During Stalking Awareness Month, Supreme Court will Decide whether Stalking Victims are Protected against Employment Discrimination
Washington, D.C. – On January 13, 2012, the Supreme Court will decide whether to hear the case of Martin v. Howard University. The National Organization for Women (NOW) Foundation and civil rights attorney Dawn V. Martin, want the high Court to hold that Title VII of the Civil Rights Act of 1964 protects a woman from being stalked in her workplace and from being terminated for reporting it. NOW Foundation has filed an Amicus (friend of the Court) Brief in support of Ms. Martin. This case is particularly timely in light of recent attention to the failure of universities to respond to resports of sexual attacks on campuses and because January is Stalking Awareness Month. Howard, specifically, still fails to take complaints of sexual harassment seriously. See Bello. v. Howard University, 1:11-cv-02106-CKK; http://www.wusa9.com/news/article/177504/158/Lawsuit-Howard-University-Negligent-In-Sexual-Assault-Harassment-Case. Howard opposes the participation of NOW Foundation in the case.
78% of stalking victims are women. 54% of female murder victims reported their stalkers to the police before being killed by them. In a 2009 documentary about the case, Kim Gandy, then, the President of NOW, said: “We’ve had situations like this, where women, stalked in the workplace, were fired, or let go, because they were stalked.” Ms. Martin said, “No woman should have to choose between her job and her safety.”
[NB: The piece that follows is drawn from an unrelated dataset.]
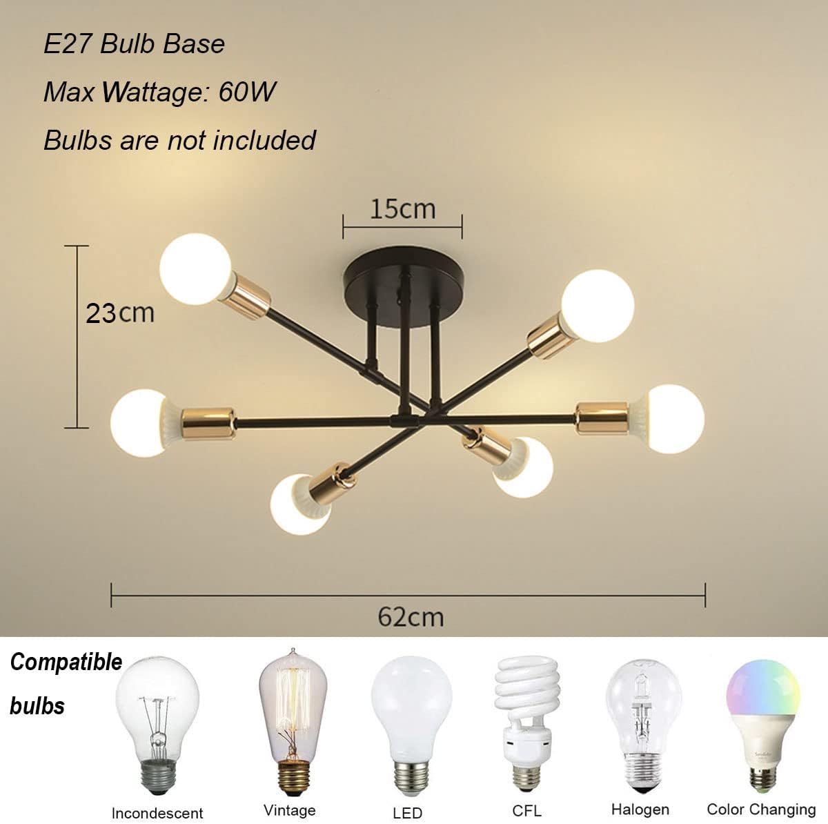 Bulb Type: LED/CFL/Edison bulb is available,6 x E27 bulb sockets, Max 60W per bulb, AC110-240V. (Bulbs NOT included)

Law Professor Dawn Martin was stalked on the campus of Howard University Law School, by a delusional, homeless, serial campus stalker, Leonard Harrison. Harrison was searching for the physical embodiment of his “fantasy” wife — a fictional female character in a book, written by the renowned, late Professor, Derrick Bell. Howard did not ban the stalker from Law School building, despite advice from the D.C. Metropolitan Police Department to do so and its own established Campus Police banning procedures. Instead, Howard refused to renew Prof. Martin’s teaching contract. Ms. Martin sued, alleging sexual harassment/hostile work environment and retaliation. In 1999, the U.S. District for D.C. set precedent in Martin, holding that an employer can be held liable for the sexual harassment of an employee by a non-employee, if it knew or should have known of the harassment and failed to take reasonable steps to stop it. Martin v. Howard University, 1999 U.S. Dist. LEXIS
19516 (D.C. 1999). With his history, Martin fears that Harrison may be stalking another female professor even now.
At trial, in 2006, a jury agreed with Martin that Harrison’s harassment did create a “hostile work environment” for her and that that Howard did not take reasonable steps to end it; however, the jury asked for a clearer legal definition of “sexual harassment.” The judge refused to provide it. Confused about the legal definition and Title VII coverage, the jurors concluded that Harrison’s harassment of Prof. Martin was not based on her sex or sexual in nature. This meant that she was not “protected” by Title VII. Martin is appealing District Court Judge Hogan’s October 8, 2010 decision refusing to vacate the jury’s verdict. Current NOW/NOW Foundation President, Terry O’Neill, wrote: “We believe the Supreme Court’s recent decision in Crawford v. Nashville supports the principle that it is up to the courts, not a jury, to say whether particular behavior is protected or prohibited by Title VII.” If the Supreme Court decides not to hear this case, Martin will urge an amendment to Title VII that would expressly protect victims of stalking and domestic violence against employment discrimination and retaliation for reporting stalking in the workplace.